Entries shown.
··········

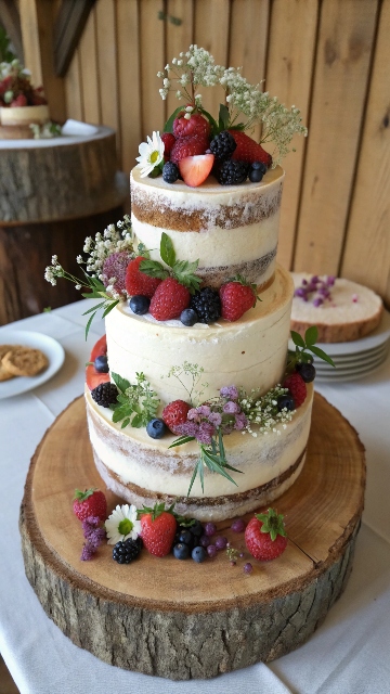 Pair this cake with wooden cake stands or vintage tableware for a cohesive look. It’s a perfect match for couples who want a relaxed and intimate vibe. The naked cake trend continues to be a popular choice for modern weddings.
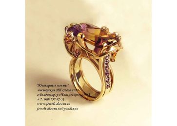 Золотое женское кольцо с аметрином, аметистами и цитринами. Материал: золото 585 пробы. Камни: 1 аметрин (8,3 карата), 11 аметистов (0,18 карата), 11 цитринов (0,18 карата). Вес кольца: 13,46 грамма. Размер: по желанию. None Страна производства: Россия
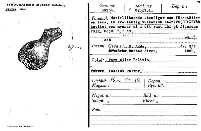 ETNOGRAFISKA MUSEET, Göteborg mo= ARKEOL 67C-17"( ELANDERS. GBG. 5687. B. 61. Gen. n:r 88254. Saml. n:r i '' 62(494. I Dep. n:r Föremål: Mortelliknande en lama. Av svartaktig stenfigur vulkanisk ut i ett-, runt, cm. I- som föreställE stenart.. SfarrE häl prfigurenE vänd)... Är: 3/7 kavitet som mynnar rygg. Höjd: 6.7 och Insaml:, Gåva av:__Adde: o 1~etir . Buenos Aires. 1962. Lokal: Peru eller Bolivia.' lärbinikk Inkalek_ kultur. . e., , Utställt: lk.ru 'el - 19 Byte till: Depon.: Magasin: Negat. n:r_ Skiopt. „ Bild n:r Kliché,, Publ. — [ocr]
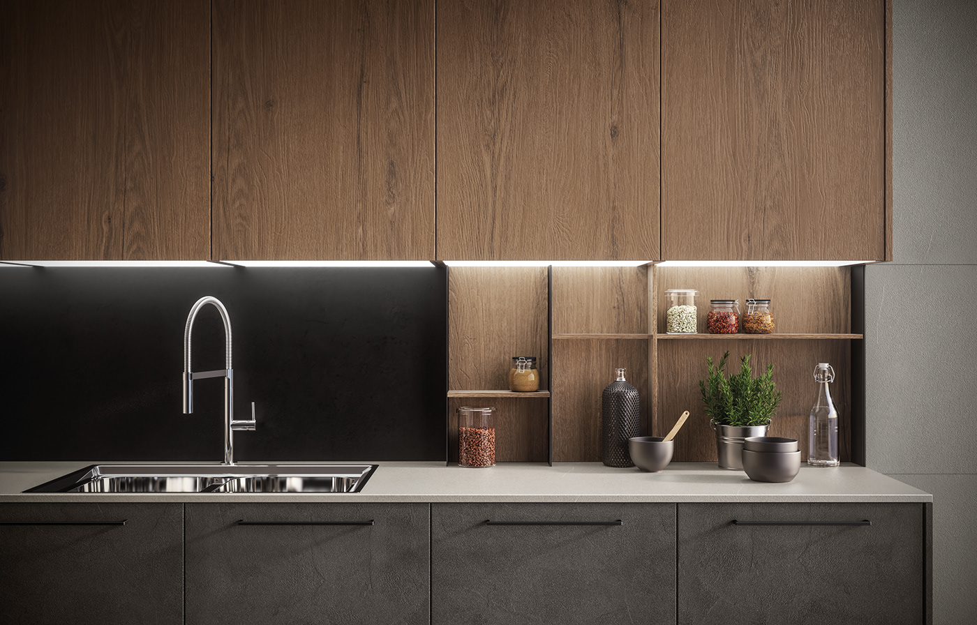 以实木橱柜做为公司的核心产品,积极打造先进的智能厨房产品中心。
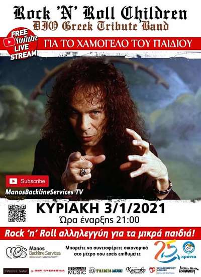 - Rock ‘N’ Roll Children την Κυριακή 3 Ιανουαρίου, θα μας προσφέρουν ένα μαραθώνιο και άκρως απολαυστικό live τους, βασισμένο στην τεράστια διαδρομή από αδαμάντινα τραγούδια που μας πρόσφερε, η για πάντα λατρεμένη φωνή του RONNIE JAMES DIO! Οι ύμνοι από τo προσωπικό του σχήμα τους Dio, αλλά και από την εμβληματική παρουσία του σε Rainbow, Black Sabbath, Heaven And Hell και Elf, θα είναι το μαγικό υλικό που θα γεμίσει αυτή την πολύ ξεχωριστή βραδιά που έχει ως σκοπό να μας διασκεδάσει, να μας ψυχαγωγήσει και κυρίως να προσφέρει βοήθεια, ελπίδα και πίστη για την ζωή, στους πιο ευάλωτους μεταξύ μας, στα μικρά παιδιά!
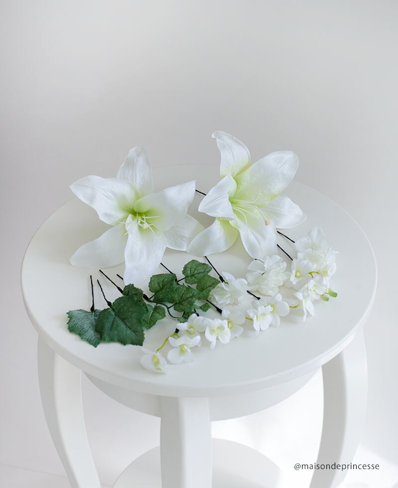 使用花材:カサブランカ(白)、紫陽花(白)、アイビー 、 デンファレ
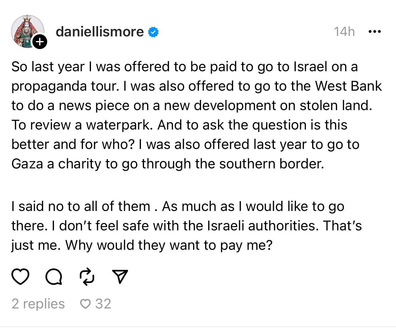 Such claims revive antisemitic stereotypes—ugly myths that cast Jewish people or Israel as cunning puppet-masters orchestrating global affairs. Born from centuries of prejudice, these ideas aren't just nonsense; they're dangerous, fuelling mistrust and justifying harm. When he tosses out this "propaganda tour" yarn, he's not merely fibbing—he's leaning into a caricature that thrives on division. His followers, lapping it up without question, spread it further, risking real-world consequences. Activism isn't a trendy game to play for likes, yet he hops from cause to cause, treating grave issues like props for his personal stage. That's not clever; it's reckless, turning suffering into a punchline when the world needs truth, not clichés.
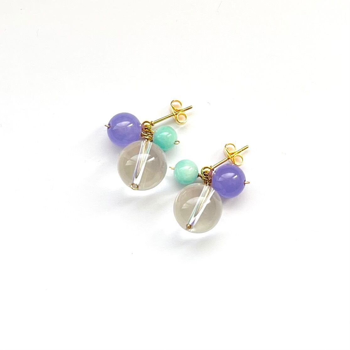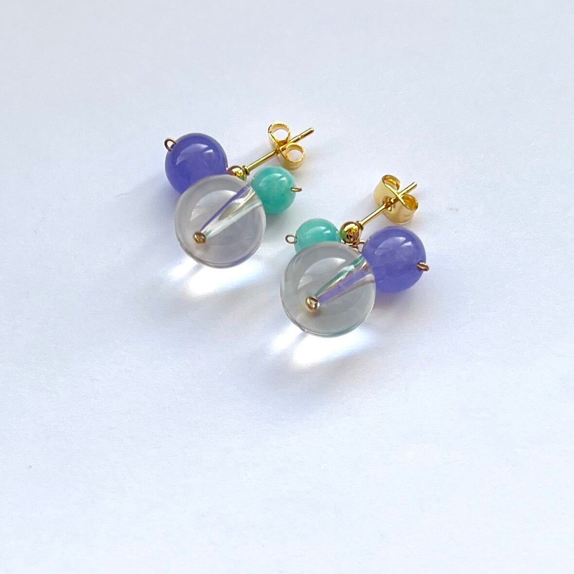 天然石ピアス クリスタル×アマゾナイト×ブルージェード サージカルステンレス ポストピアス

··········

Directions for this task.
Please restate each entry exactly, but drop any picture it holds.

Result of this task.
 Pair this cake with wooden cake stands or vintage tableware for a cohesive look. It’s a perfect match for couples who want a relaxed and intimate vibe. The naked cake trend continues to be a popular choice for modern weddings.
 Золотое женское кольцо с аметрином, аметистами и цитринами. Материал: золото 585 пробы. Камни: 1 аметрин (8,3 карата), 11 аметистов (0,18 карата), 11 цитринов (0,18 карата). Вес кольца: 13,46 грамма. Размер: по желанию. None Страна производства: Россия
 ETNOGRAFISKA MUSEET, Göteborg mo= ARKEOL 67C-17"( ELANDERS. GBG. 5687. B. 61. Gen. n:r 88254. Saml. n:r i '' 62(494. I Dep. n:r Föremål: Mortelliknande en lama. Av svartaktig stenfigur vulkanisk ut i ett-, runt, cm. I- som föreställE stenart.. SfarrE häl prfigurenE vänd)... Är: 3/7 kavitet som mynnar rygg. Höjd: 6.7 och Insaml:, Gåva av:__Adde: o 1~etir . Buenos Aires. 1962. Lokal: Peru eller Bolivia.' lärbinikk Inkalek_ kultur. . e., , Utställt: lk.ru 'el - 19 Byte till: Depon.: Magasin: Negat. n:r_ Skiopt. „ Bild n:r Kliché,, Publ. — [ocr]
 以实木橱柜做为公司的核心产品,积极打造先进的智能厨房产品中心。
 - Rock ‘N’ Roll Children την Κυριακή 3 Ιανουαρίου, θα μας προσφέρουν ένα μαραθώνιο και άκρως απολαυστικό live τους, βασισμένο στην τεράστια διαδρομή από αδαμάντινα τραγούδια που μας πρόσφερε, η για πάντα λατρεμένη φωνή του RONNIE JAMES DIO! Οι ύμνοι από τo προσωπικό του σχήμα τους Dio, αλλά και από την εμβληματική παρουσία του σε Rainbow, Black Sabbath, Heaven And Hell και Elf, θα είναι το μαγικό υλικό που θα γεμίσει αυτή την πολύ ξεχωριστή βραδιά που έχει ως σκοπό να μας διασκεδάσει, να μας ψυχαγωγήσει και κυρίως να προσφέρει βοήθεια, ελπίδα και πίστη για την ζωή, στους πιο ευάλωτους μεταξύ μας, στα μικρά παιδιά!
 使用花材:カサブランカ(白)、紫陽花(白)、アイビー 、 デンファレ
 Such claims revive antisemitic stereotypes—ugly myths that cast Jewish people or Israel as cunning puppet-masters orchestrating global affairs. Born from centuries of prejudice, these ideas aren't just nonsense; they're dangerous, fuelling mistrust and justifying harm. When he tosses out this "propaganda tour" yarn, he's not merely fibbing—he's leaning into a caricature that thrives on division. His followers, lapping it up without question, spread it further, risking real-world consequences. Activism isn't a trendy game to play for likes, yet he hops from cause to cause, treating grave issues like props for his personal stage. That's not clever; it's reckless, turning suffering into a punchline when the world needs truth, not clichés.
 天然石ピアス クリスタル×アマゾナイト×ブルージェード サージカルステンレス ポストピアス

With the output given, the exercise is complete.